Помедлив мгновение, девушка подходит к нему, опускается на колени и склоняет голову.
— Не прячь глаза.
Девушка поднимает голову, взгляд её карих глаз устремлён в его серые.
— Повторяй за мной: «Я публичная девка».
— Я публичная девка.
— «Отданная вам внаймы».
— Отданная вам внаймы.
— «Дабы услужать вам во всём».
— Дабы услужать вам во всём.
— «Я дщерь Евы и всех её грехов».
— Я дщерь Евы.
— «И всех её грехов».
— И всех её грехов.
— «И повинна в своенравии».
— И повинна в своенравии.
— «От коего отныне отступаюсь».
— От коего отныне отступаюсь.
— «И в том клянусь».
— И в том клянусь.
— «А нарушу зарок — да поглотит меня геенна огненная».
— Геенна огненная.
Мистер Бартоломью не отрываясь смотрит в глаза девушки. В лице этого человека с бритой головой проступает что-то демоническое. Нет, лицо не пышет яростью или страстью — напротив, от него веет холодом и полнейшим безразличием к жалкому созданью, стоящему перед ним на коленях. Так обнаруживается одна доселе скрытая черта его натуры — садизм (при том что маркизу де Саду предстоит родиться в тёмных лабиринтах истории лишь четыре года спустя). Черта столь же неестественная, что и едкий запах палёной кожи и бумаги, наполняющий комнату. Если б понадобилось изобразить лицо, которому чуждо всякое человеческое чувство, более верного — ужасающе верного — образца не найти.
— Отпускается тебе грех твой. А теперь обнажи своё растленное тело.
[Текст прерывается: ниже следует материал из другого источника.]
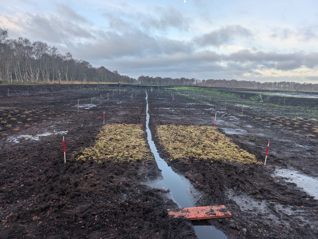 Das Projekt OptiMuM beschäftigt sich mit der Optimierung der Hochmoor-Renaturierung durch das gezielte ausbringen von Torfmoosen. Dafür wurde im Herbst 2025 aus einer ehemals drainierten Grünlandfläche ein rd. 4 ha großer Versuchspolder für die Etablierung von Torfmoosen hergestellt.

Девушка на миг опускает глаза, встаёт и принимается распускать шнуровку. Мистер Бартоломью с холодной беззастенчивостью наблюдает из своего кресла. Слегка отвернувшись, девушка продолжает раздеваться. Наконец одежда уложена на скамью, и девушка, присев на дальний конец скамьи, стягивает чулки со стрелкой. Теперь на ней лишь сердоликовое ожерелье и чепец. Она сидит, сложив руки на коленях и уткнувшись взглядом в пол. На вкус мужчин того времени, фигура её оставляет желать лучшего: слишком маленькая грудь, слишком хрупкое и бледное тело, хотя никаких признаков недуга, который приписывал ей мистер Бартоломью, на нём не заметно.
— Желаешь ли, чтобы он тебе угождал?
Девушка молчит.
— Отвечай.
— Душа моя тянется к вам, сэр. Но вы меня отвергаете.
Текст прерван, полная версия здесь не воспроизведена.